Fato do Príncipe e os Contratos de Trabalho Durante a Pandemia

Fato do Príncipe e os Contratos de Trabalho Durante a Pandemia

Por Talita Novaes

A teoria factum principis, conhecida como fato do príncipe, vem ganhando destaque na Justiça do Trabalho como alternativa dos empregadores às primeiras consequências da crise econômica que está se agravando em decorrência da pandemia do Covid-19.

A legislação trabalhista prevê, em seu artigo 486, a possibilidade de responsabilizar os municípios, estados e até mesmo o governo federal pelo pagamento de possíveis verbas rescisórias aos trabalhadores demitidos em decorrência da restrição das atividades econômicas da empresa, ensejando o que é conhecido como fato do príncipe.

O Decreto Legislativo nº 6/2020 reconhece a hipótese de força maior e a Medida Provisória nº 927/2020 decreta o estado de calamidade pública e com isso, para cumprir as orientações da Organização Mundial da Saúde (OMS), a maioria dos estados brasileiros decretaram a quarentena e determinaram o funcionamento apenas de atividades essenciais, com o intuito de preservar a vida, na tentativa de reduzir o impacto social e a crise sanitária.

Com isso, as medidas impostas trazem a impressão de que a situação poderia ser enquadrada o fato do príncipe, no entanto, a despeito de existir a força maior, os estados e municípios não determinaram o fechamento de um ou outro setor, mas sim de todas aquelas empresas que não são essenciais.

Na tentativa de reduzir os impactos causados pelas medidas de enfrentamento à pandemia, o governo federal instituiu programas emergenciais para possibilitarem que as empresas diminuíssem seus prejuízos, sem que, para tanto, precisassem demitir seus funcionários.

A Medida Provisória nº 927/2020 trouxe a possibilidade de antecipação de férias individuais, férias coletivas e antecipação de feriados. Complementando tais possibilidades de ações, a Medida Provisória nº 936/2020 trouxe a possibilidade de redução proporcional de jornada e de salário e suspensão temporária do contrato de trabalho, ambos com previsão de pagamento do Benefício Emergencial de Preservação do Emprego e da Renda.

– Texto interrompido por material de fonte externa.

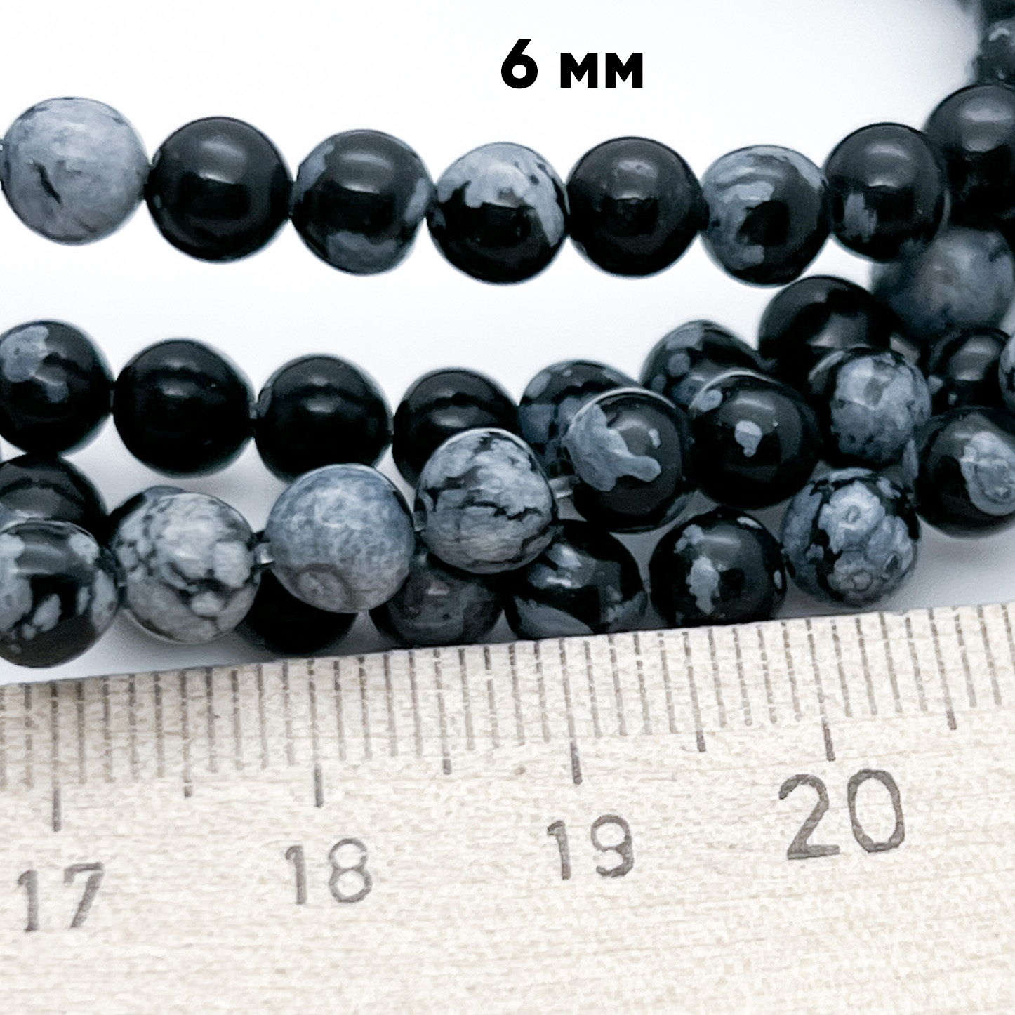 У обсидиана "Снежного" диаметр составляет 5,7-5,8 мм, что делает его удобным для использования в различных видах ручной работы. Камень имеет гладкую поверхность, которая хорошо подходит для создания браслетов, ожерелий, сережек и других украшений.

O direito é dinâmico e ainda é cedo para trazer um posicionamento uníssono dos tribunais a esse respeito, no entanto, pode se observar que as varas do trabalho têm decidido pela não aplicação do fato do príncipe, inclusive pelo fato de que traria ainda mais prejuízo ao trabalhador que teria seus direitos reduzidos.

Nesse sentido, recente decisão da 52ª do Trabalho do Rio de Janeiro concluiu pela nulidade das dispensas da Churrascaria Fogo de Chão, em caso que foi amplamente divulgado pela mídia, determinando, em sede de tutela provisória, a reintegração imediata de cerca de 100 funcionários que foram demitidos sem justa causa, no início de abril de 2020, em duas unidades da empresa na capital carioca.

A fundamentada decisão afirmou que as medidas adotadas pelo Poder Público não demonstram a ocorrência do fato do príncipe, por não configurarem “causa principal da suspensão parcial e temporária das atividades empresariais, mas, sim, a necessidade de isolamento social para a contenção do potencial lesivo do vírus Covid-19, em caráter de pandemia reconhecida pela Organização Mundial de Saúde. Assim, o Poder Público não agiu em prejuízo de determinados agentes e setores, tendo adotado medidas de caráter amplo e geral, necessárias para evitar o caos social e sanitário.

A decisão reconhece as dificuldades financeiras trazidas pela pandemia, mas lembra que a empresa, de grande porte, possui unidades em outros estados e no exterior, não sendo justificável a “impossibilidade de manutenção dos postos de trabalho, sem ao menos tentar a adoção das medidas autorizadas nas Medidas Provisórias nº 927 e 936 de 2020”.

Ressalta ainda a importância da negociação coletiva, para que, através do diálogo, os envolvidos encontrem alternativas que reduzam os impactos para a sociedade como um todo, por isso, a decisão determinou que a empresa não dispense mais de 10 empregados sem prévia negociação coletiva enquanto durar os efeitos da decisão.

Em casos como o citado, o acolhimento da alegação do fato do príncipe fere os mais elementares princípios trabalhistas, como a proporcionalidade, continuidade, razoabilidade e solidariedade. Portanto, não há razão para a aplicação do fato do príncipe, tendo em vista que o risco da atividade é da própria empresa, como dispõe o artigo 2, §2º da CLT e o artigo 170, III da Constituição Federal, não podendo ser repassado para terceiro.

 

*O inteiro teor da decisão mencionada pode ser consultado no processo nº 0100413-12.2020.5.01.0052.